MSI images were further processed to extract quantitative parameters describing drug distribution. In addition to the mean and CV% of the drug concentration calculated at pixel level, we examined a panel of GLSZM features selected for their significance in relation to the diffusion and homogeneity of the drug in the tissue. The complete panel of GLSZM features and an interpretation of their meaning in this context is reported in Additional file 1. Figure 2B-C illustrates the features that are influenced by PEGPH20 pre-treatment in parental SKOV3 or SKOV3/HAS3. In parental SKOV3, the values of the features are almost undistinguishable in the two treatment groups, consistently with visual inspection of the MSI results, while in SKOV3/HAS3 there was a tendency alteration after PEGPH20 pre-treatment in some of the features. In SKOV3/HAS3 after PEGPH20 pre-treatment, the drug concentration at the pixel level measured by MSI (“mean” feature) was higher, with a lower %CV, suggesting more uniform drug diffusion. After PEGPH20 pre-treatment there was a statistically significant reduction of intensity variability (IV), a lower “large zone emphasis” (LZE) and a higher “high grey-level zone emphasis” (HGZE). Overall, this GLSZM features alteration induced by PEGPH20 pre-treatment highlighted fragmentation of the wide areas of lower drug concentration typical of tumours treated with PTX alone and an increase of higher drug concentration regions consistent with more widespread diffusion of the drug.

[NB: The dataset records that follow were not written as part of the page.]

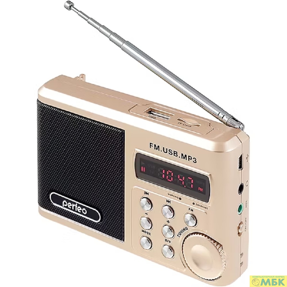 Perfeo мини-аудио Sound Ranger, УКВ+ FM, MP3 (USB/TF), USB-audio, BL-5C 1000mAh, шамп.золот (SV922AU) [PF_3185]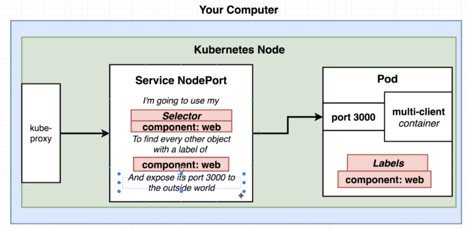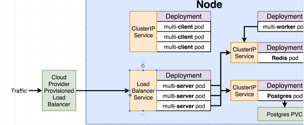 This is a type of service that is going to eventually get some amount of traffic into our application and allow our outside users to access all the different pods that are running containers that they need to get at to actually access out.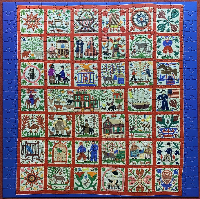 Long time readers know I love a puzzle with quilts, and this is an image of just one very old quilt – and a busy one at that. It was pretty difficult for only 300 pieces, and for some reason I decided to make it harder on myself by putting the box away and working without an image. Wow.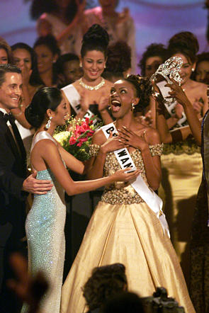 History was definitely made this year! The first black African to win the crown. The first set of "black-to-black" winners. USA didn't make the semifinals, nor did the home town girl, Miss TNT. The most contestants (84) that the Miss Universe pageant has ever had! What a year!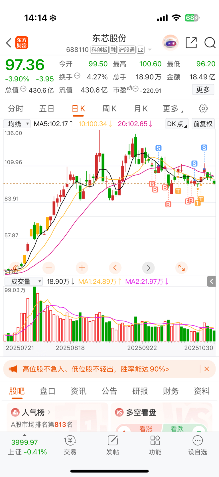 $东芯股份(SH688110)$ 管住手了,昨天100差点买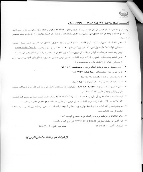 فروش حدود 827723 کیلوگرم لوله فولادی در سایزهای مختلف واقع در خط انتقال شهرستان فسا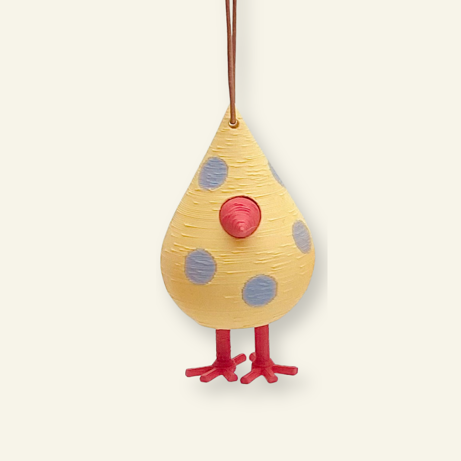 Finurlig og dekorativ hængefugl i pippet pastelgul med lavendelfarvede prikker. Perfekt i vinduet, på en gren eller som en del af din påskepynt. 3D-printet i genanvendt bioplastik og fuld af Mundrs legende personlighed. 🐦✨

However, the total drug concentration measured by HPLC in the second half of the same tumours used for MSI was not affected by PEGPH20 pre-treatment (Fig. 2D).

The complete pharmacokinetic analysis after a single dose of PTX 20 mg/kg, alone or after PEGPH20 pre-treatment in both tumour models is reported in the Additional Information. PEGPH20 pre-treatment minimally affect PTX pharmacokinetic behaviour. Indeed, PTX concentrations in tumour samples collected at different time points were comparable in the two different experimental groups (with or without PEGPH20 pre-treatment). Similar levels were also found for plasma in the SKOV3 model while circulating PTX was lower after PEGPH20 than vehicle pre-treatment in SKOV3/HAS3 model but only 1 h after PTX. Similarly, PTX levels in liver were lower in the combination in both experimental models 1 h after PTX.

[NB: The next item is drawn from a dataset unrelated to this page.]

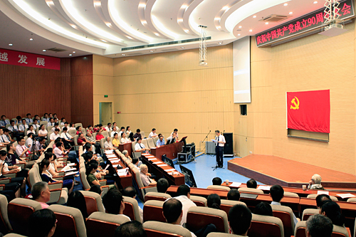 6月28日上午,庆祝中国共产党成立90周年大会暨红歌演唱会在思源楼报告厅召开。院长郭雷院士、党委书记王跃飞等院所领导,以及吴文俊、陆启铿、万哲先、陈翰馥、严加安、李邦河院士等200多位职工和党员参加了大会。大会由副院长、党委委员汪寿阳主持。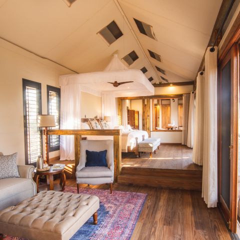 Lion, cheetah, and leopard are often sighted, herds of elephants frequent the area, as well as giraffes, zebra, lechwe, impala and hippos. Explore this wealth of wildlife from the adult only Kwara Camp with nine bright and spacious suites. Each tent has a spacious deck, an en-suite bathroom with indoor and outdoor showers and a beautiful bath – all of which have views across the floodplains.

To determine whether the different PTX distribution in tumour was due to differences in tissue architecture, we did histological examinations on tumour sections adjacent to those analysed by MSI. H&E staining confirmed that SKOV3 tumours were composed of sheets/solid areas of neoplastic cells arranged in lobules, infiltrated by a moderate to large amount of thin fibrovascular stroma and occasionally thicker fibrous septa (Fig. 3A and Additional file 1). Variably extensive areas of necrosis were also present. In this model, PEGPH20 and PTX did not induce any substantial morphological change. Similarly, no positivity for Alcian Blue was observed, staining acid mucosubstances and acetic mucins, with any treatment (Fig. 3B).

Fig. 3
figure3

Representative images of the different tissue architecture of SKOV3 and SKOV3/HAS3 tumours after PEGPH20 and PTX treatment. A H&E staining, 100x; B Alcian Blue staining with nuclear red counterstain, 200x magnification; C representative HA staining images and D HA quantification in the different experimental groups (*Student's t-test: p-value< 0.05; **Student's t-test: p-value< 0.01)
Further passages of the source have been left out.